*What the task asks:* Output the listing below verbatim, from its first line to its last.

*Supplied information:*
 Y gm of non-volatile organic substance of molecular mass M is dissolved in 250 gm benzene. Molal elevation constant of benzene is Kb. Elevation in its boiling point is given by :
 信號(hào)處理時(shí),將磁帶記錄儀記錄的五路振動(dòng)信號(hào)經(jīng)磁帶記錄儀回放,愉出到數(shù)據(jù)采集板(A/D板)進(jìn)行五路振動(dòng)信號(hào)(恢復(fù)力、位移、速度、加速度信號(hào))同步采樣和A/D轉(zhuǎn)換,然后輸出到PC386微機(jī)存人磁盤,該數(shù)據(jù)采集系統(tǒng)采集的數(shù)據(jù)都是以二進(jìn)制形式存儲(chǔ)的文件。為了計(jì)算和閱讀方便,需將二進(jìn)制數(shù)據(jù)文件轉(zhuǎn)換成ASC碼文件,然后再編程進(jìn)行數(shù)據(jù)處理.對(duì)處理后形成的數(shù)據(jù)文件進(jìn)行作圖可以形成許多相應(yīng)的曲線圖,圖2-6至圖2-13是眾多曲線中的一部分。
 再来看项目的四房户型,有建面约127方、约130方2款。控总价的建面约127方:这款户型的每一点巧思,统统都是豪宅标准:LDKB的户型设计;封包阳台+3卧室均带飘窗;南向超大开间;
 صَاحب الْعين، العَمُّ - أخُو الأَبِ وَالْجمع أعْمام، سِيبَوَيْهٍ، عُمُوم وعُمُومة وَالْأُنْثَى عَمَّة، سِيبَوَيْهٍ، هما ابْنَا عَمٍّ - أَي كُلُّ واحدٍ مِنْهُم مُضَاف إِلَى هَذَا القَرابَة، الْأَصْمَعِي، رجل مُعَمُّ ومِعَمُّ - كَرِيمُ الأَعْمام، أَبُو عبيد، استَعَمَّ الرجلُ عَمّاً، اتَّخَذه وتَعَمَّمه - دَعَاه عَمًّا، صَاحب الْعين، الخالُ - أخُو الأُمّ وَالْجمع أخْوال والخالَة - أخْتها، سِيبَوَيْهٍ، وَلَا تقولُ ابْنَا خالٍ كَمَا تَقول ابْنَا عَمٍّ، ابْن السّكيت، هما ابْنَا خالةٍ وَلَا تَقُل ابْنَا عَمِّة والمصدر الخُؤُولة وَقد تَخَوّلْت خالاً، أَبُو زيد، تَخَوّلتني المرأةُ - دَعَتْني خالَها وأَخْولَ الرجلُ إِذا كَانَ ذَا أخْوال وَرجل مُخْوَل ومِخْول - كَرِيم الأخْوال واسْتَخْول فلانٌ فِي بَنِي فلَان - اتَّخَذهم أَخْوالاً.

*Solution for this exercise:*
 Y gm of non-volatile organic substance of molecular mass M is dissolved in 250 gm benzene. Molal elevation constant of benzene is Kb. Elevation in its boiling point is given by :
 信號(hào)處理時(shí),將磁帶記錄儀記錄的五路振動(dòng)信號(hào)經(jīng)磁帶記錄儀回放,愉出到數(shù)據(jù)采集板(A/D板)進(jìn)行五路振動(dòng)信號(hào)(恢復(fù)力、位移、速度、加速度信號(hào))同步采樣和A/D轉(zhuǎn)換,然后輸出到PC386微機(jī)存人磁盤,該數(shù)據(jù)采集系統(tǒng)采集的數(shù)據(jù)都是以二進(jìn)制形式存儲(chǔ)的文件。為了計(jì)算和閱讀方便,需將二進(jìn)制數(shù)據(jù)文件轉(zhuǎn)換成ASC碼文件,然后再編程進(jìn)行數(shù)據(jù)處理.對(duì)處理后形成的數(shù)據(jù)文件進(jìn)行作圖可以形成許多相應(yīng)的曲線圖,圖2-6至圖2-13是眾多曲線中的一部分。
 再来看项目的四房户型,有建面约127方、约130方2款。控总价的建面约127方:这款户型的每一点巧思,统统都是豪宅标准:LDKB的户型设计;封包阳台+3卧室均带飘窗;南向超大开间;
 صَاحب الْعين، العَمُّ - أخُو الأَبِ وَالْجمع أعْمام، سِيبَوَيْهٍ، عُمُوم وعُمُومة وَالْأُنْثَى عَمَّة، سِيبَوَيْهٍ، هما ابْنَا عَمٍّ - أَي كُلُّ واحدٍ مِنْهُم مُضَاف إِلَى هَذَا القَرابَة، الْأَصْمَعِي، رجل مُعَمُّ ومِعَمُّ - كَرِيمُ الأَعْمام، أَبُو عبيد، استَعَمَّ الرجلُ عَمّاً، اتَّخَذه وتَعَمَّمه - دَعَاه عَمًّا، صَاحب الْعين، الخالُ - أخُو الأُمّ وَالْجمع أخْوال والخالَة - أخْتها، سِيبَوَيْهٍ، وَلَا تقولُ ابْنَا خالٍ كَمَا تَقول ابْنَا عَمٍّ، ابْن السّكيت، هما ابْنَا خالةٍ وَلَا تَقُل ابْنَا عَمِّة والمصدر الخُؤُولة وَقد تَخَوّلْت خالاً، أَبُو زيد، تَخَوّلتني المرأةُ - دَعَتْني خالَها وأَخْولَ الرجلُ إِذا كَانَ ذَا أخْوال وَرجل مُخْوَل ومِخْول - كَرِيم الأخْوال واسْتَخْول فلانٌ فِي بَنِي فلَان - اتَّخَذهم أَخْوالاً.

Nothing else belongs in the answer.